How to complete this task – Only one stretch of the data should be retyped: the lines from the line containing "本機は3ウェイ・合計10機の" through the line containing "Honolulu Weekly 8-31-94". Keep pictures out of it.

Extracted records: Begin

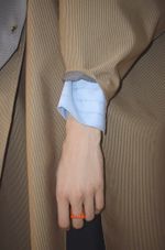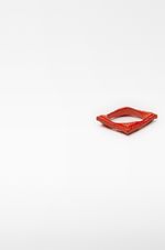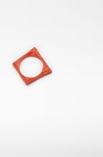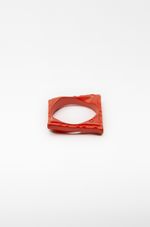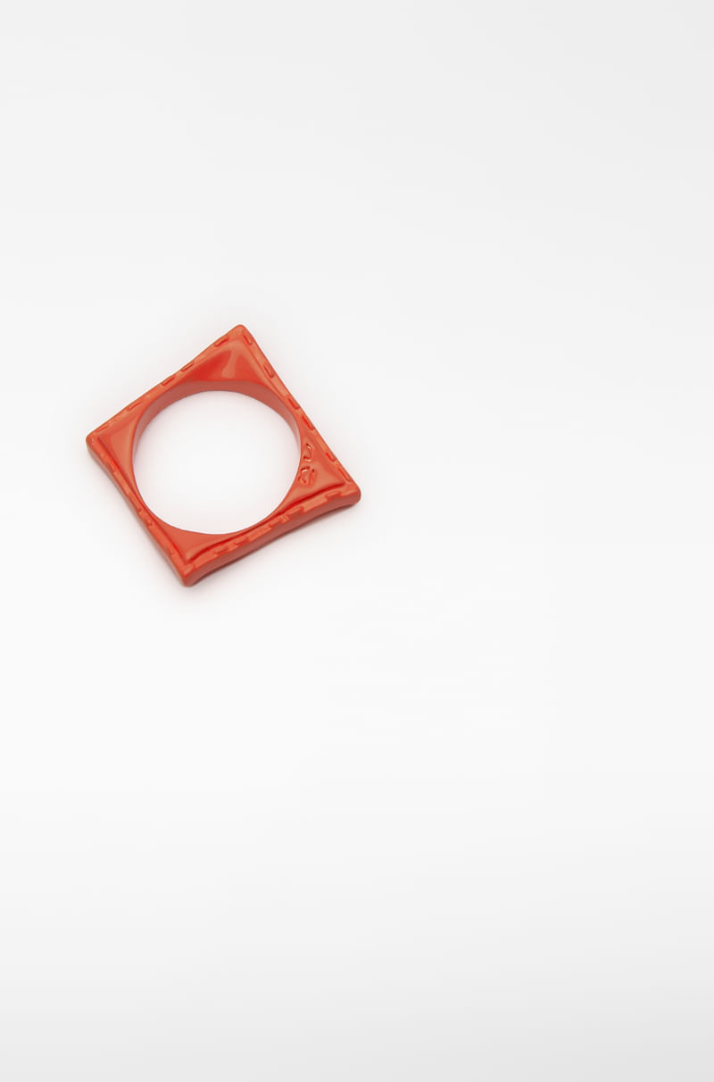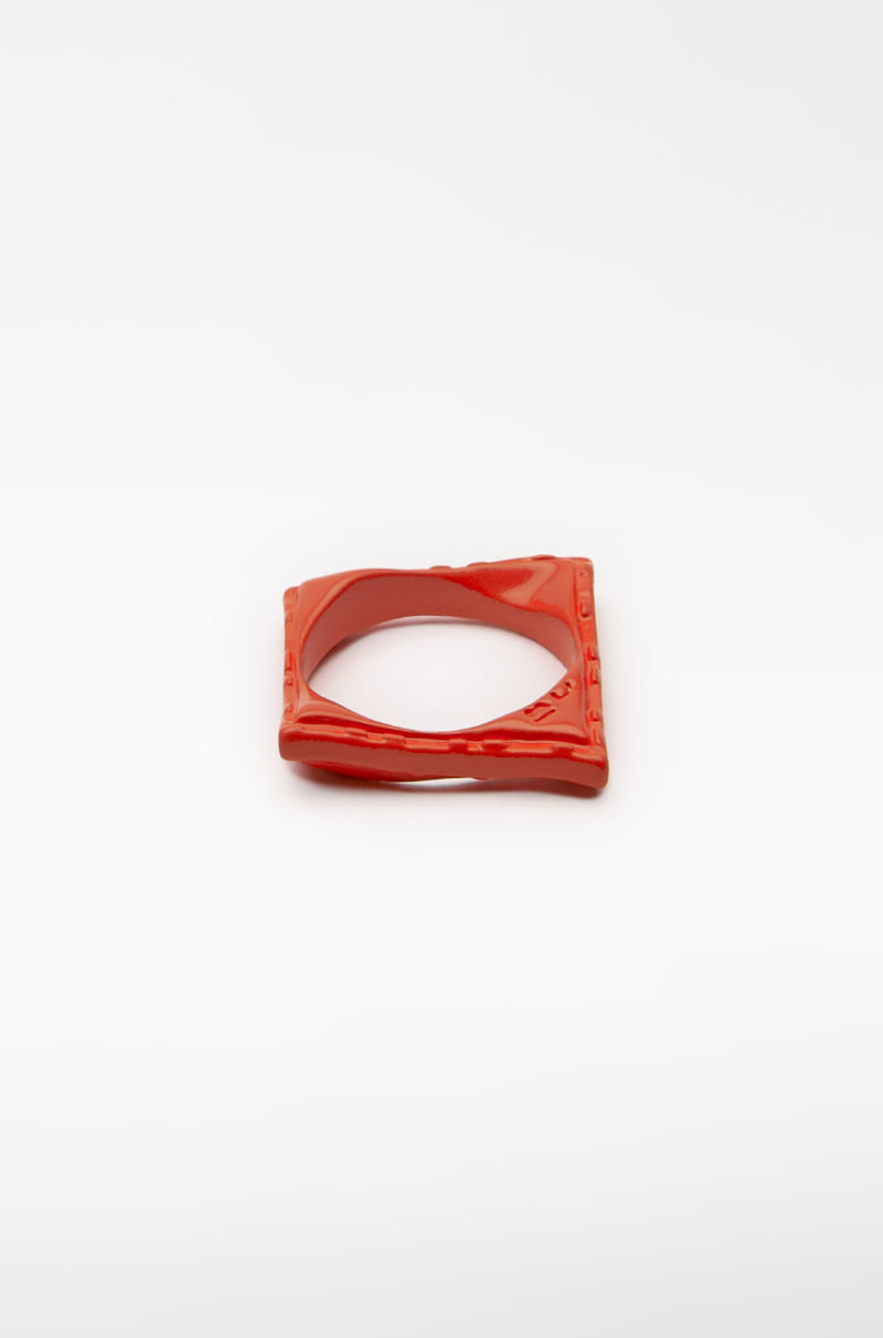 Anillo cuadrado metal lacado naranja mujer. Forma inspirada en una colchoneta. Logo grabado.
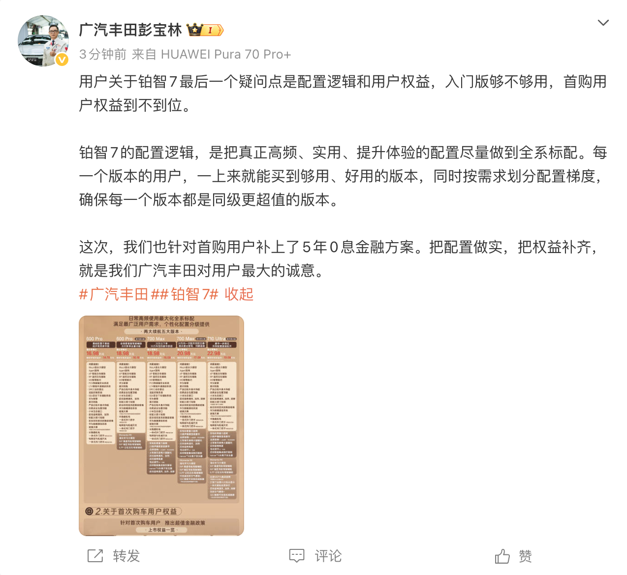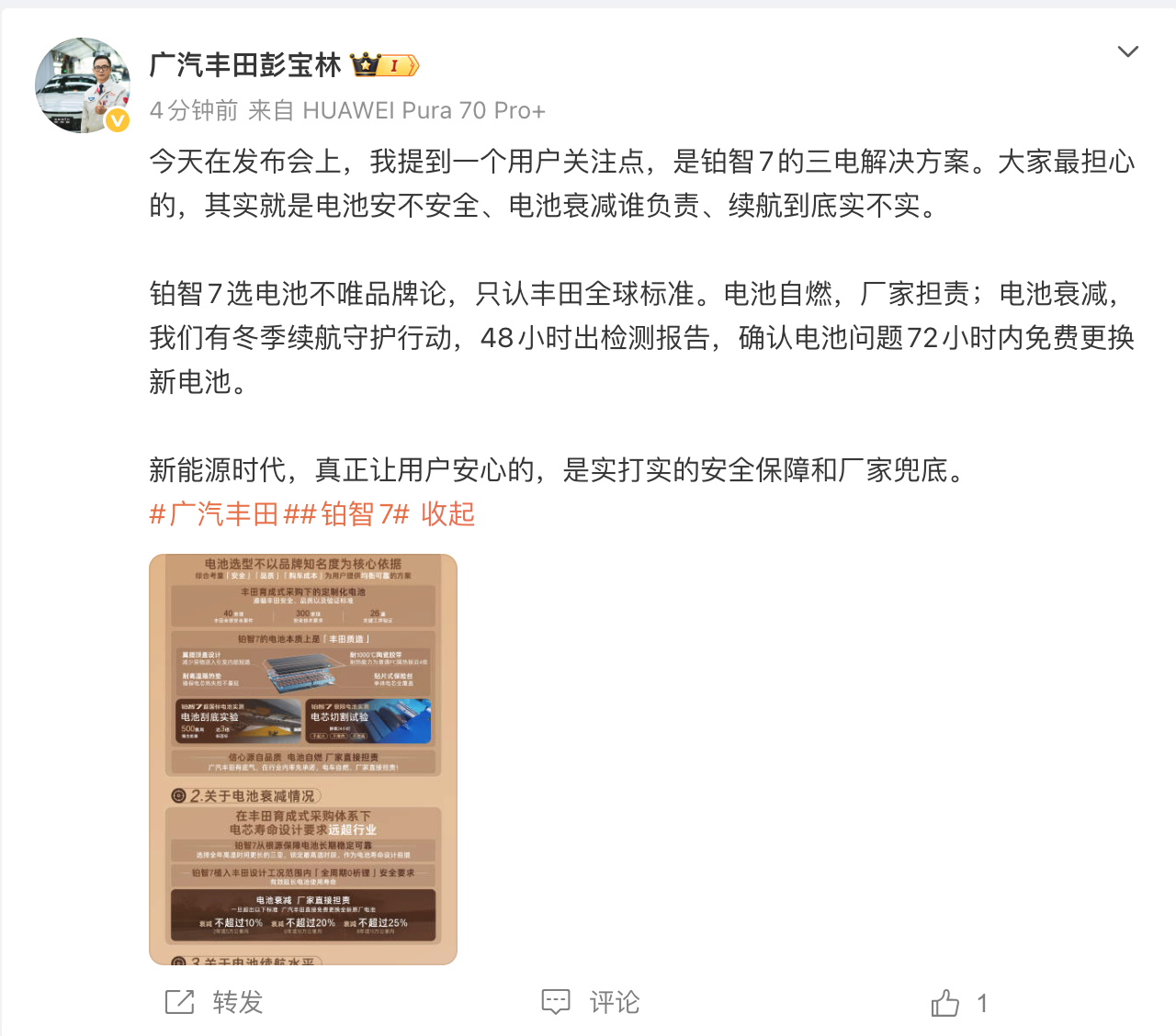 广丰高管回应铂智7四大关切聊聊长期持有这件事。我身边买电车的朋友,开一两年都说香,但问到要不要开个五六年,就开始含糊了——怕电池衰减、怕空悬坏了修不起、怕厂家到时候不认账。
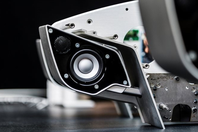本機は3ウェイ・合計10機のスピーカーユニットを搭載するが、最大の特徴となるのがカタツムリの角のように伸縮するサテライト・スピーカーだ。再生時には、このサテライトスピーカーが外側に自動で伸びる(完全に収納した状態での再生も可能)。
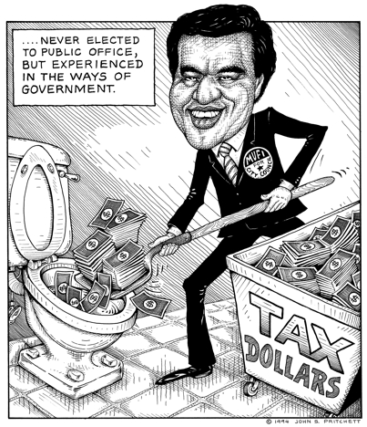 Honolulu Weekly 8-31-94 Never elected to public office but politically experienced, Mufi runs for city council. Next Cartoon | Previous Cartoon | 1994 | Archives | Home | Search
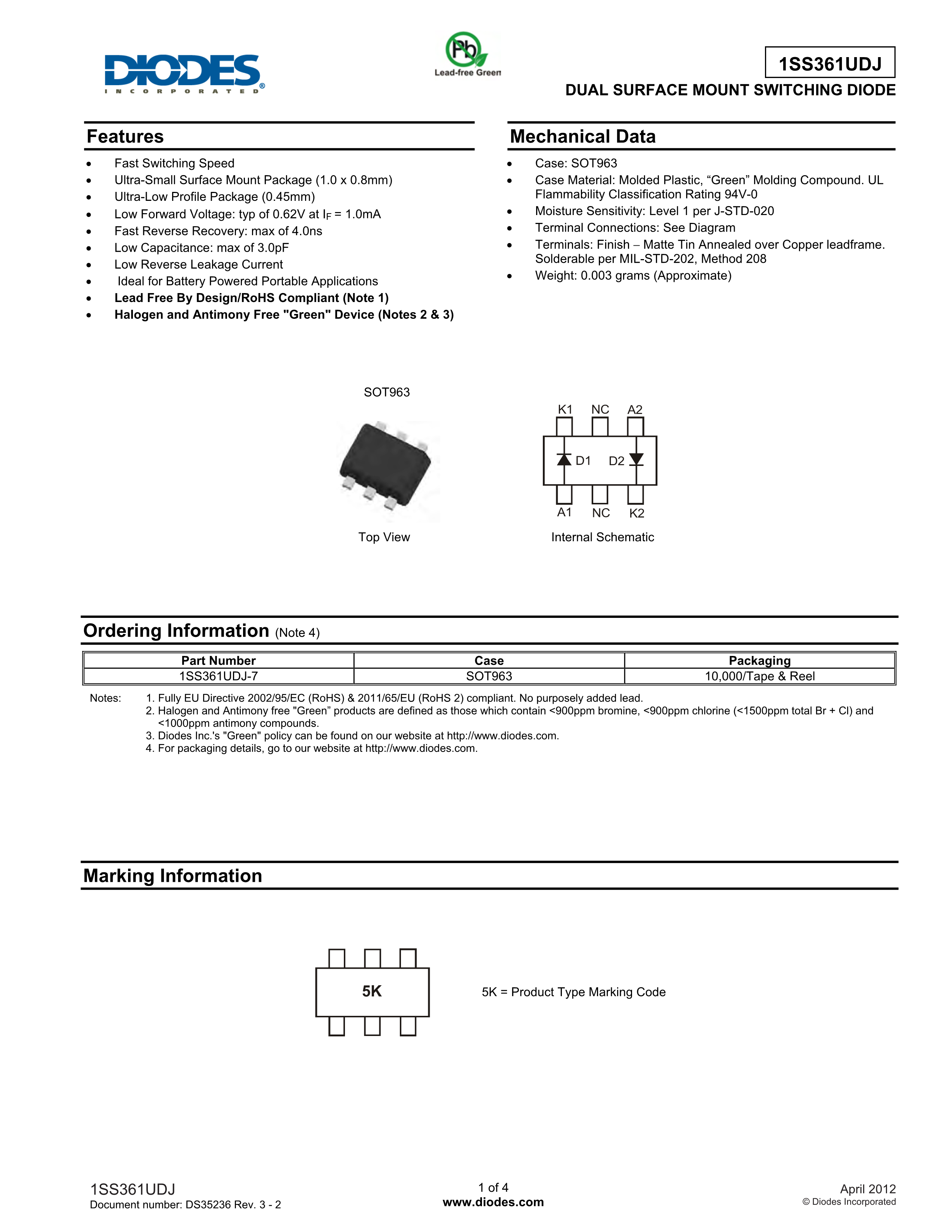 1SS361UDJ-7数据手册SOT-963封装DIODES(美台)PDF规格书,中英文下载
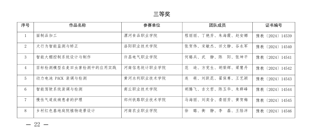 近日,河南省教育厅下发《关于公布2024年河南省高等职业公司产品能力大赛获奖名单的通知》(教职成〔2024〕286号),公司教师曾少华、马彩兰、丁航、苏大体团队的《动力电池系统性能测试与故障诊修》获得三等奖。
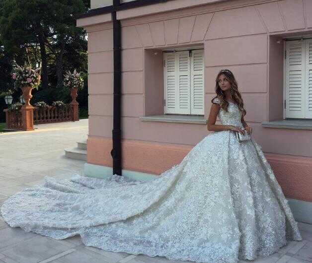 Gelin Elina Bazaeva törende ünlü modacı Zuhair Murad'ın imzasını taşıyan gösterişli bir gelinlik giydi.
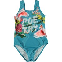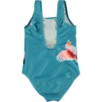 Nika is a classic swimsuit with wide shoulder straps in blue in a bird and flower print with 'Poetry' text. Molo's swimwear has 50+ UV protection. The product is CE-marked and tested according to standard EN-13758-1.
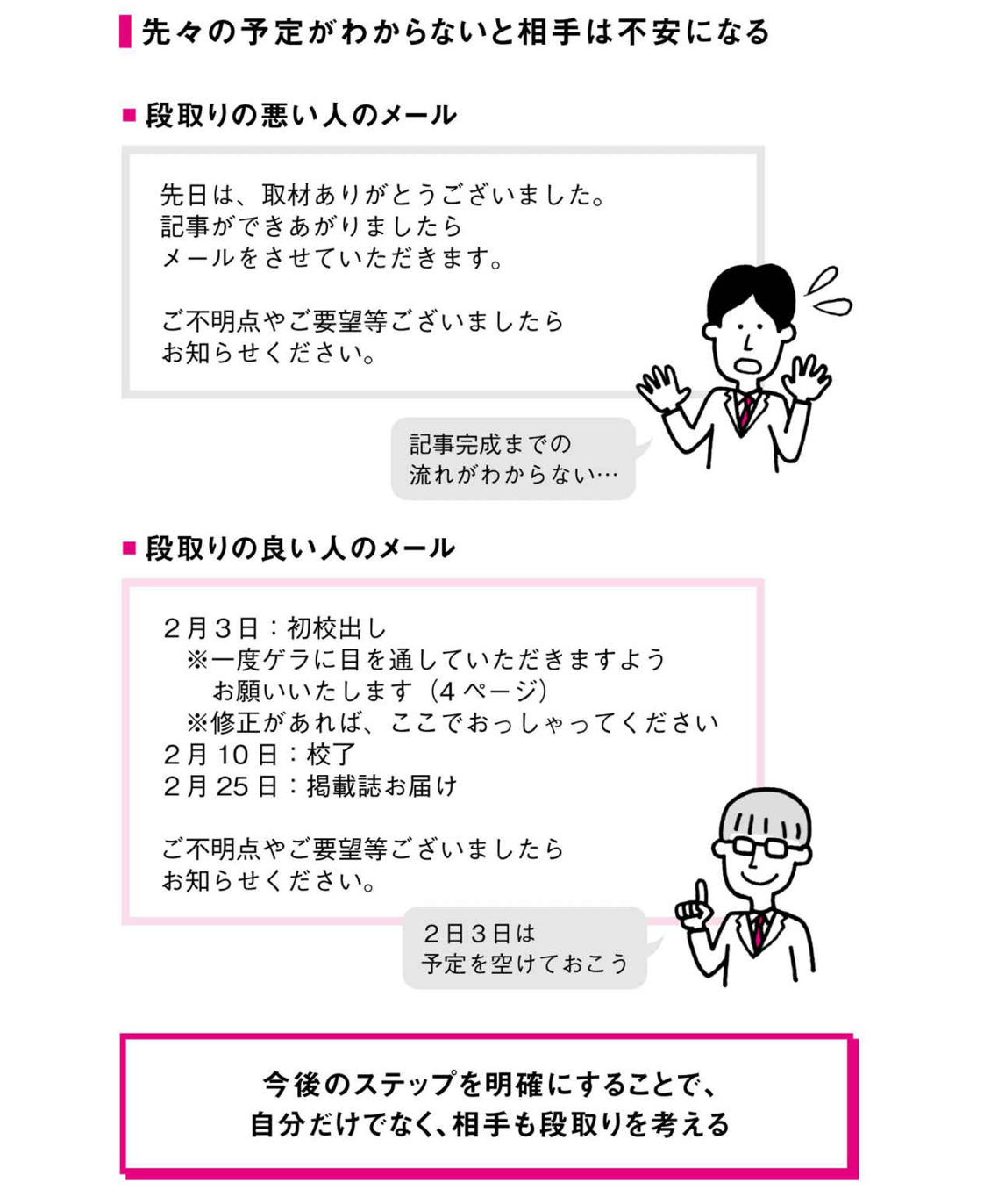 この例は、実際の雑誌記事でのやりとりですが、このように今後のステップを明確にすることで、自分だけではなく、相手も段取りを組みやすくなります。
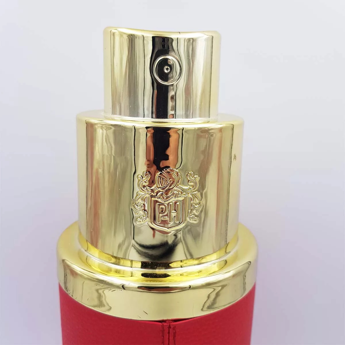 The perfume spray has an external coating imitating leather.
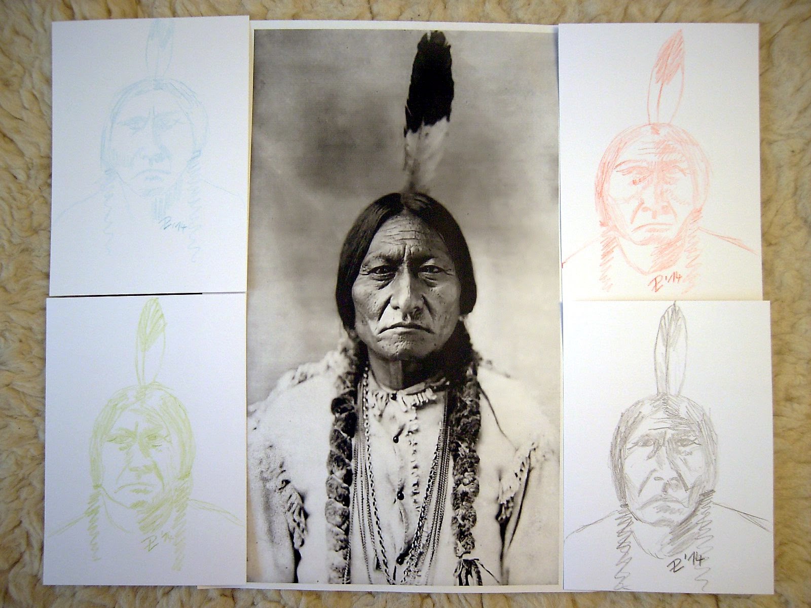 Ich bin ein bißchen spät dran für den PPF, aber hier sind meine Zeichnungen. Ich habe mich entschieden, einige Lektionen einer Zeichenklasse, die ich 2011 gemacht habe, nochmal zu machen. Zeichnen nach Fotos war eine dieser Lektionen und ich habe ein Bild des berühmten Hunkpapa-Häuptlings Tatanka Yotanka (Sitting Bull) genommen. Ich habe ihn viermal gezeichnet, jedes Mal mit einer anderen Farbe. Mir gefallen die verschiedenen Gesichtsausdrücke!
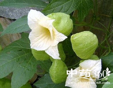 【原形态】木鳖子,又名:木鳖藤。 多年生草质藤本,具膨大的块状根。茎有纵棱;卷须粗壮,与叶对生,单一,不分枝。叶互生,圆形至阔卵形,长7—14厘米,通常3浅裂或深裂,裂片略呈卵形或长卵形,全缘或具微齿,基部近心形,先端急尖,上面光滑,下面密生小乳突,3出掌状网脉;叶柄长5—10厘米,具纵棱,在中部或近叶片处具2—5腺体。

Extracted records: End

Response below –
本機は3ウェイ・合計10機のスピーカーユニットを搭載するが、最大の特徴となるのがカタツムリの角のように伸縮するサテライト・スピーカーだ。再生時には、このサテライトスピーカーが外側に自動で伸びる(完全に収納した状態での再生も可能)。
 Honolulu Weekly 8-31-94 Never elected to public office but politically experienced, Mufi runs for city council. Next Cartoon | Previous Cartoon | 1994 | Archives | Home | Search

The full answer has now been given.